January 11, 2021
IntelBrief: A Perfect Storm: Complete Breakdown of Law and Order at the U.S. Capitol
Five people died during the violent siege of the U.S. Capitol by supporters of President Trump. Among the dead a U.S. Capitol police officer who was murdered. The Capitol itself was left in shambles, with multiple instances of theft, destruction and the loss of potentially sensitive materials. The mayhem of that day could have been far worse, indicated by the discovery of bombs, Molotov cocktails, and other incendiary devices, and images of intruders with flexi-cuffs or “zip ties.” Others were arrested with firearms. It is difficult to overstate how damaging the events of January 6, 2020 were to the core of American democracy and to the fabric of our nation. Conspiracy theorists, white supremacists, far-right extremists and other anti-government groups were incited by the President of the United States of America, who repeatedly called for his supporters to ‘fight,’ ‘show strength,’ and ‘take back our country.’ The violent mob descendedupon Washington D.C. in an attempt to overturn the results of a free and fair election, despite the fact that all legal challenges were dismissed.

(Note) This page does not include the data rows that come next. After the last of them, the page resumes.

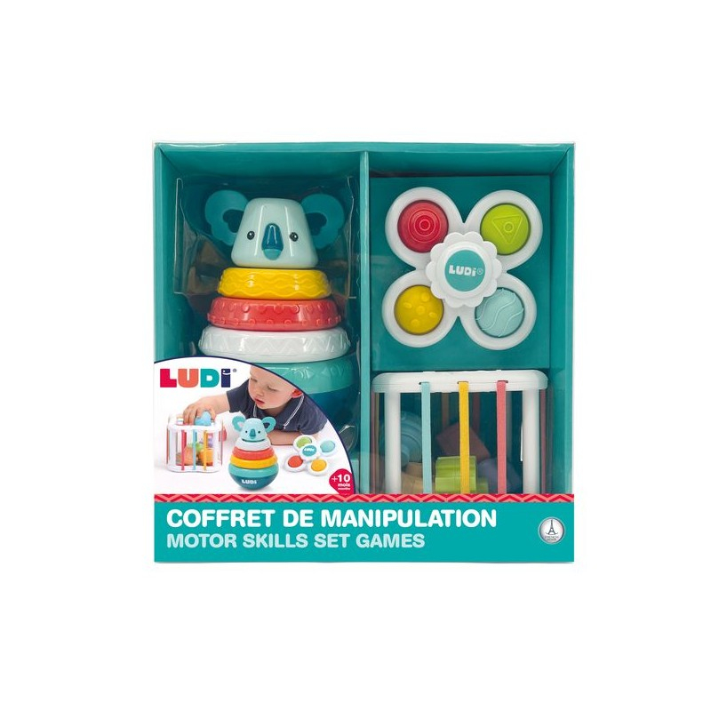 Coffret de jeux avec un cube élastique, une pyramide avec 3 anneaux et 1 baby spinner. Développe la préhension, la logique et la motricité.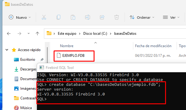 create database "C:\basesDeDatos\ejemplo.fdb";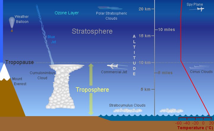 Lapisan troposfer adalah lapisan atmosfer bumi yang berada pada ketinggian 0 – 18 km di atas permukaan bumi dengan ketebalan rata-rata 10 km. Temperature troposfer disetiap daerah berbeda-beda. Di daerah katulistiwa (16 km) temperatur rata-rata troposfer adalah 800C, didaerah sedang (11 km) temperatur rata-rata troposfer adalah 540C, dan didaerah kutub (8 km) termperatur rata-rata troposfer adalah 460C.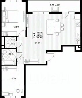 Продаётся 2-комнатная квартира в строящемся доме (поз.7), срок сдачи: IV-кв. 2027, общей площадью 69.1 кв.м., на 6 этаже. Новый жилой комплекс "Кипарис" от застройщика "AVA" расположен по адресу: Россия, Краснодарский край, муниципальный округ Анапа, село Сукко, Мирная улица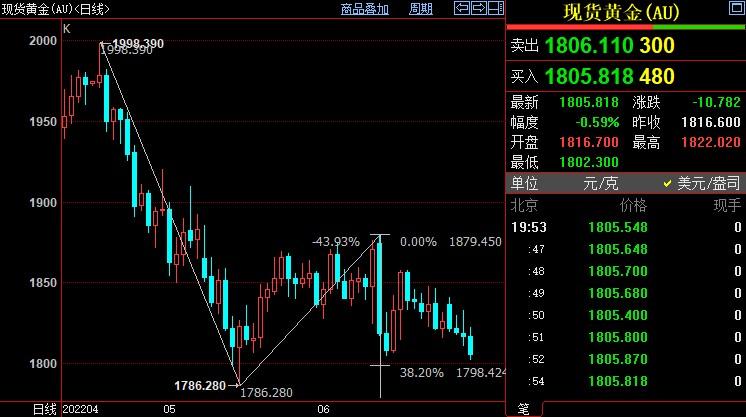北京时间20:06,现货黄金下跌0.67%至1805.56美元/盎司;COMEX期金主力合约下跌0.61%至1806.4美元/盎司;美元指数上涨0.30%至105.421。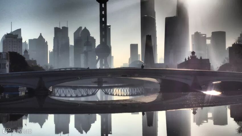 「1月の早朝いつも撮影に行く外灘へ、早朝の光の中で輝くビル群と蘇州河に架かる橋、外渡白橋も川面に反射して、幻想的な感じを受けました。」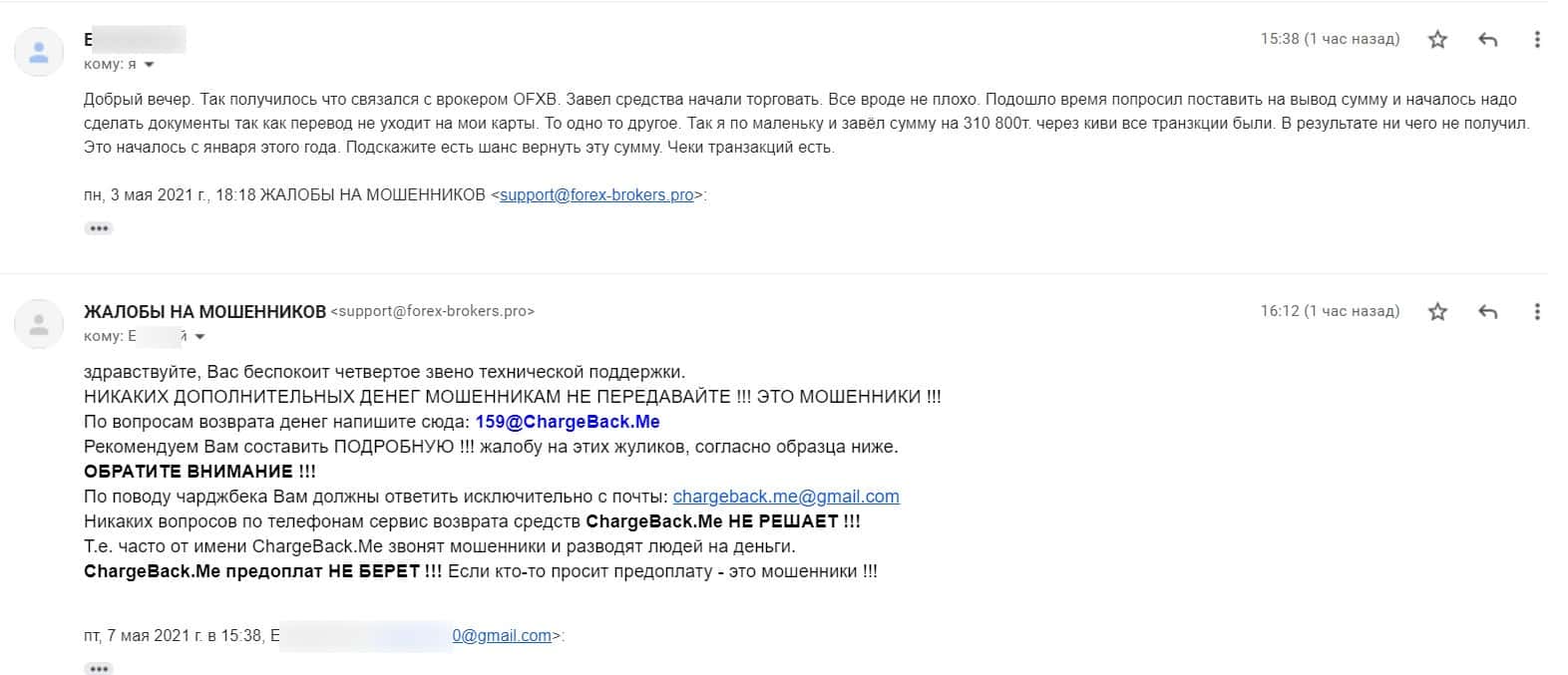 В данном разделе представлена информация от очередного обманутого интернет-пользователя, который пострадал от деятельности мошенников ОФХБ.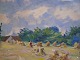 Landskab med høstet kornmark og gård i baggrunden. Sign. A Naur 67*87 cm. med ramme 86*106 cm.
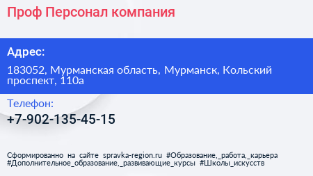 Проф-Персонал, компания по адресу 183052, Мурманская область, Мурманск, Кольский проспект, 110а в дальнейшем Организация, размещена в следующих категориях:

Images of the mob perpetrating acts of violence against Capitol Police, or in other instances, facing seemingly little resistance, represent a massive security failure, and especially so given the widespread predictions by experts. That this could occur two decades following the 9/11 attacks requires an urgent and honest assessment of what how the United States identifies security threats and prepares to counter them. Moreover, while the threat was finally contained in this case, there are serious implications for security planning in the future, including counterterrorism scenario planning and how to ensure continuity of government in the face of a critical threat.

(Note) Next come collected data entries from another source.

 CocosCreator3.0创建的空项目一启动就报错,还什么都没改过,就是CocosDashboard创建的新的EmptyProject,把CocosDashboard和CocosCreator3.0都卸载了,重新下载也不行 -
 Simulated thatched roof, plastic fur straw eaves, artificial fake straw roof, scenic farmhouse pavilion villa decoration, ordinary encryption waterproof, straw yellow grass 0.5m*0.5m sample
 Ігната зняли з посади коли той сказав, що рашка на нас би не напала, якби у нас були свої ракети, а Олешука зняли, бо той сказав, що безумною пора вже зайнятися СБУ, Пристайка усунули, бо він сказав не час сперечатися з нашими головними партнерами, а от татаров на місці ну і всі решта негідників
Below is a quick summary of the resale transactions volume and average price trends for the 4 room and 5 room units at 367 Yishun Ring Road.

At the best of times, guarding the U.S. Capitol and the surrounding Complex is a difficult task with unique challenges related to both symbolism and logistics. By design and purpose, the U.S. Capitol grounds are relatively open, while entry into the Capitol itself is highly restricted. The U.S. Capitol Police, with a budget of $430 million and 2,300 sworn officers and non-sworn employees, is responsible for maintaining the security of the buildings and the safety of all those inside the area. The Capitol Police are familiar with managing protests, both large and small, though most of these are nonviolent. There is always at least a small group or lone individual protesting on the sidewalks on the eastern side of the complex. Protests of any kind inside the Capitol itself are strictly prohibited and strictly enforced, though sometimes appear in the form of shouting during hearings or passive-resistance ‘sit-ins’ or even clothing with political messages.

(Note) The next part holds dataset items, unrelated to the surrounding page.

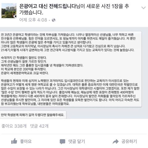 2월초 은광여고 졸업식장에서 200억을 투자했는데 입시결과가 이게 뭐냐며 졸업하는 아이들을 비난했던 그가 이제는 자신의 페이스북 대문에 은광여고 아이들과 찍은 사진을 내걸고 자신의 출세야망에 아이들과 학교를 이용하고 있다.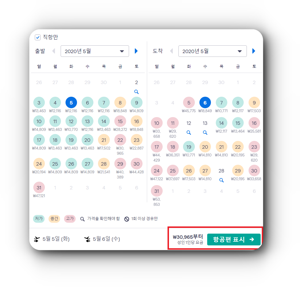 🔻 검색을 하게 되면 아래처럼 달력이 나오게 되는데 달력마다 최저가가 나옵니다. 여기서 저는 '직항만'을 추가 옵션으로 설정 한 뒤에 5월 5일 출발 그리고 5월 6일 돌아오는 왕복 항공권을 눌렀습니다. ₩30,965원 이네요.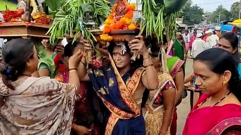 शनिवारी कानबाईंच्या मुखवट्यांचे वाजत गाजत (Nandurbar News) आगमण झाल्यानंतर रविवारी विधीवत पुजनाने त्यांच्या स्थापना करण्यात आले होते. आज त्यांचे विसर्जन होत असुन यासाठी ज्या घरात कानबाई स्थापन झाल्या आहेत. त्या घरातील अबाल वृद्ध तल्लीन होवुन पारंपारीक ठेका धरतांना दिसुन आले. फुगड्यांसह महिलांनी नृत्यावर धरलेला ठेका कानबाईच्या उत्सव द्विगुणीत करतांना ठरत आहे. खानदेशवासीयांचा महत्त्वपूर्ण सण कानबाईच्या उत्सवासाठी सर्वच कुटुंबीय एकत्र येत असतात नंदुरबार जिल्ह्यातही भक्तांनी मोठ्या उत्साहात साजरा केला.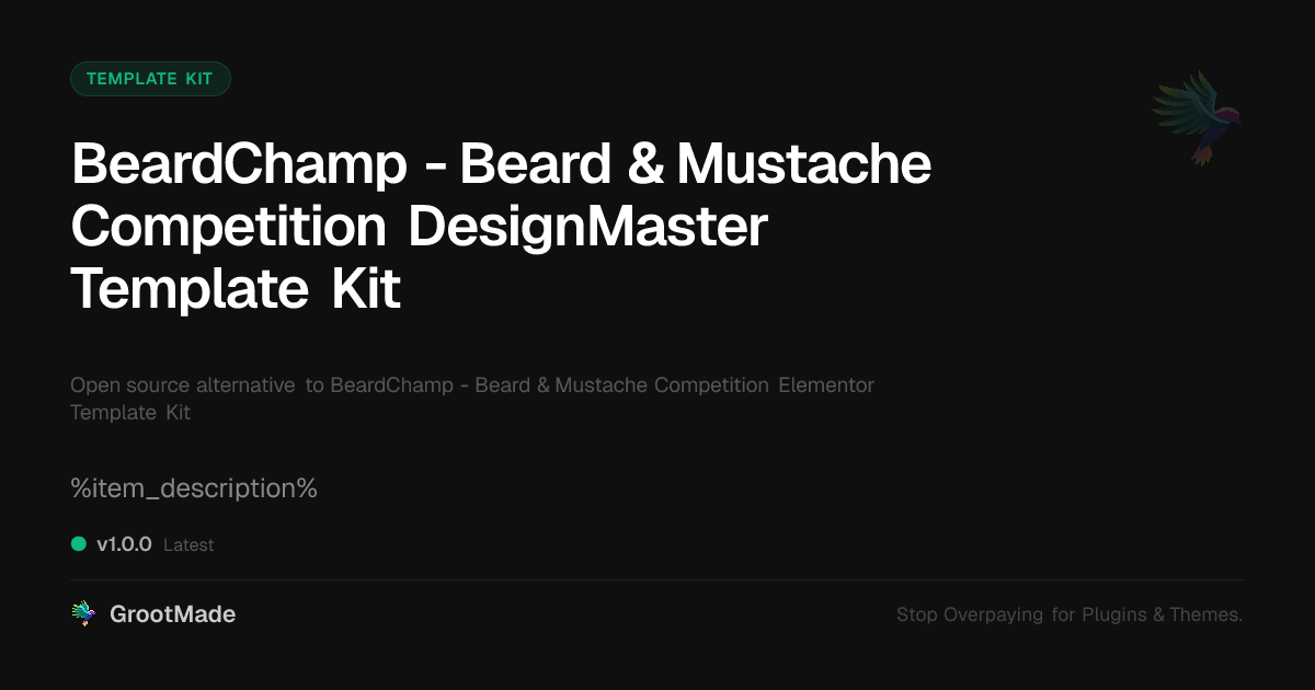 GrootMade is NOT affiliated with BeardChamp - Beard & Mustache Competition Elementor Template Kit or its original author. BeardChamp - Beard & Mustache Competition Elementor Template Kit™ is a trademark of its respective owner and use of it does not imply any endorsement or affiliation. This product has been forked under the GNU General Public License (GPL) and all non-GPL assets (such as proprietary images, fonts, and branding) have been removed. Distributing GPL-licensed code is 100% legal.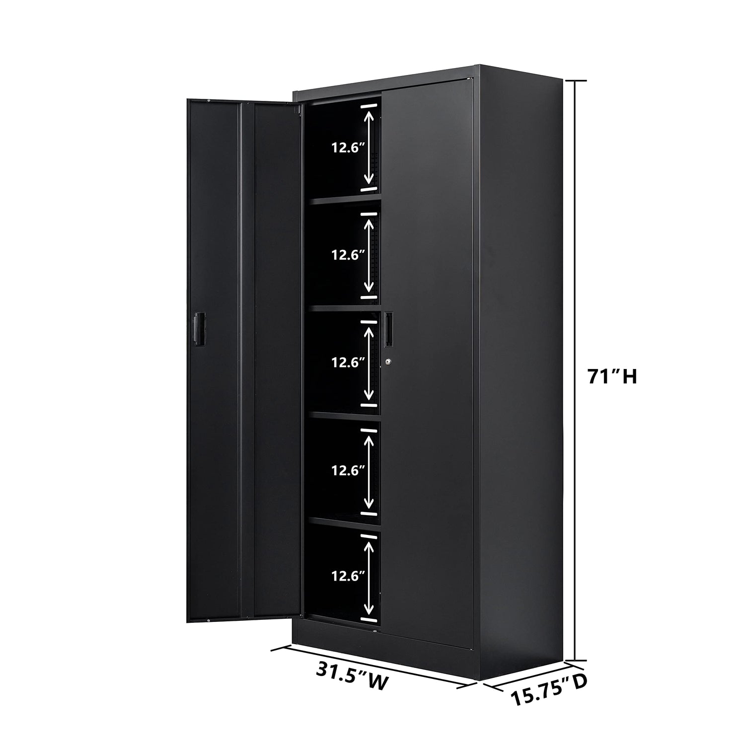 - 【ADJUSTABLE SHELF】This metal storage cabinet has four adjustable shelves. Each shelf can hold up to 180 lbs. This locking storage cabinet can meet your own unique storage and organizational needs.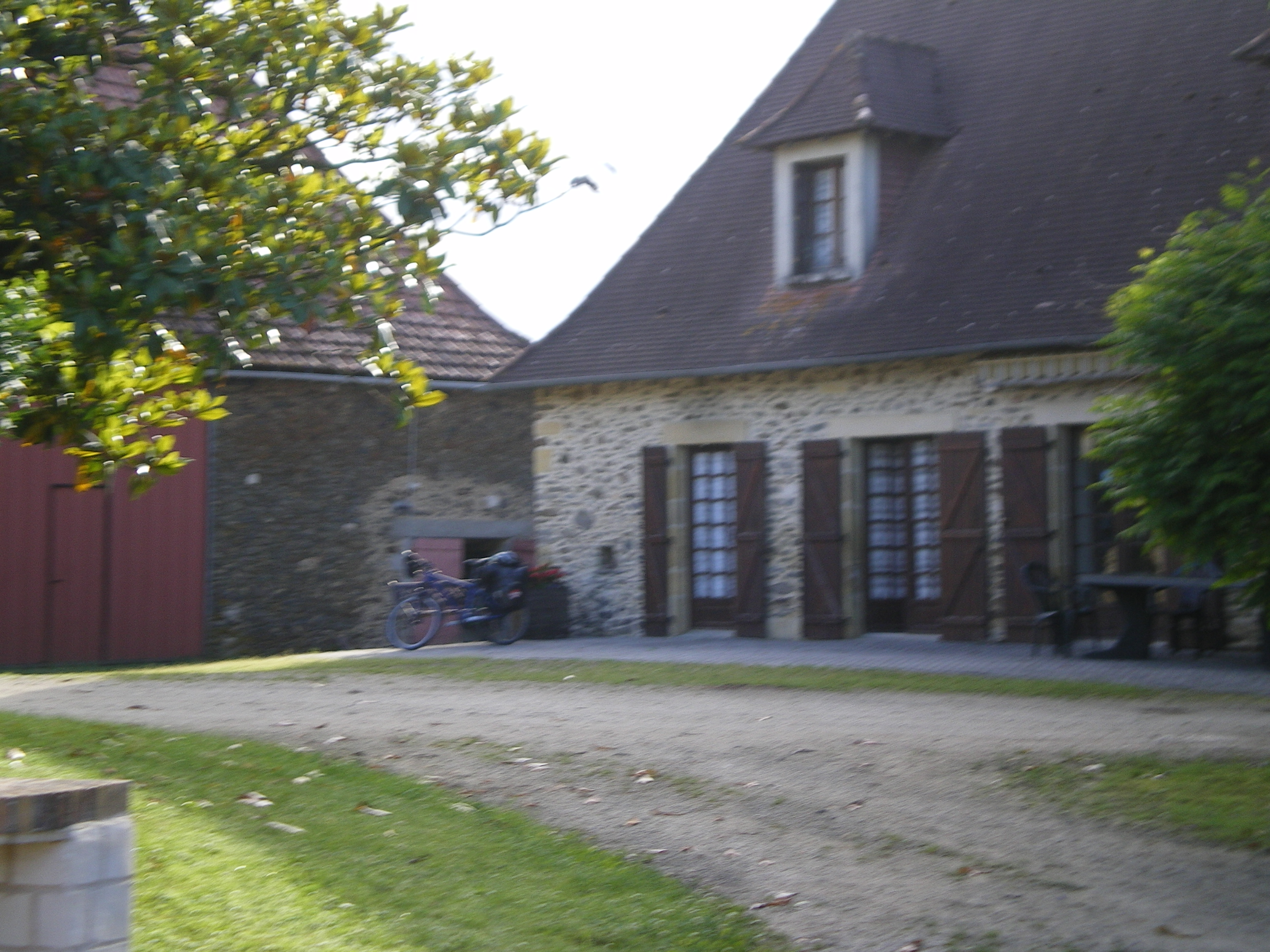Heute bin ich viel in der Natur und viel im Regen gefahren. In Périgueux habe ich einen langen Mittagsstopp gemacht und dann bin ich irgendwie an diversen Flüssen und Bächen hier im Périhord herumgegurkt. Irgendwann ging es mal wieder mächtig bergauf und da ich schon ein wenig müde und langsam wurde habe ich einen Bauern beim Kirschenpflücken gefragt, wo ich denn hier übernachten könnte (fernab der Zivilisation). Er schickte mich einen guten Kilometer weiter auf einen Bauernhof, die ein paar einfache Zimmer haben. Das ist ein kleines Paradies hier oben. Ich durfte sogar noch das Schwimmbad und man höre und staune den Whirlpool der Leute benutzen. Ich bin total begeistert und beeindruckt.

The Capitol Police are well-trained and equipped to counter an armed attack on the complex, but apparently only if it falls within the traditional kinds of protests more usually encountered, and an immediate threat that might require lethal force. The mob that surged into the Capitol on January 6th was not the type of attack that Capitol Police leadership anticipated, and they were woefully unprepared. The failure of planning for January 6th was not an intelligence failure; the ‘Stop the Steal’ event has been planned for months and widely discussed and hyped on social and traditional media, and predicted by a wide range of experts and security agencies. President Trump and other elected officials repeatedly urged supporters to go to the Capitol and ‘fight.’ This was the most openly planned insurrection in recent history. The failure to plan a robust response to the event was also a failure of imagination. Chatter on social media clearly laid out the plans and tactics of the most vocal and followed accounts and conspiracy-promoting personalities. Talk about deploying the DC National Guard as the protest turned into a riot is misguided—these units are not quick-reaction forces. The entire point of these units is that they should be deployed before the event. There are legitimate concerns over an overly militarized presence for peaceful protests, and some have posited reluctance on the part of police to be heavy-handed, as was seen in last year’s Black Lives Matter protests. However, in this instance, there was widespread chatter by individuals and groups descending on the Capitol with the deliberate intent to subvert the democratic process and engage in violence.
There should have been substantial physical barriers in place to keep the thousands of people at a distance from the building where Congressional leadership was tending to the Electoral College certification. There is no single point of failure for complex security challenges, but the basic failure to place barriers more substantial than snow-fence netting and movable metal markers is close. Once thousands of people pressed up against the building, each police officer was faced with a wrenching decision to either use lethal force against an obvious but not immediately lethal threat, or fall back. These officers should never have been placed in these situations. Experts have noted that in many cases following critical incidents such as these, there are round-the-clock press briefings from law enforcement officials, which have not been taking place this week. This may hinder law enforcement's ability to bring perpetrators to justice. In the coming weeks, the United States needs an in-depth and nonpartisan investigation into the myriad security failures at the Capitol, and ensure that those who broke the law are held to account. These responses need to be swift and decisive to ensure that the rule of law is upheld and those planning future violence are aware there will be no impunity. Without a transparent audit of all of the missteps, the country and the Capitol will remain vulnerable to future incidents of this kind, already being widely discussed in relation to the forthcoming inauguration of President-elect Joe Biden and Vice President-elect Kamala Harris.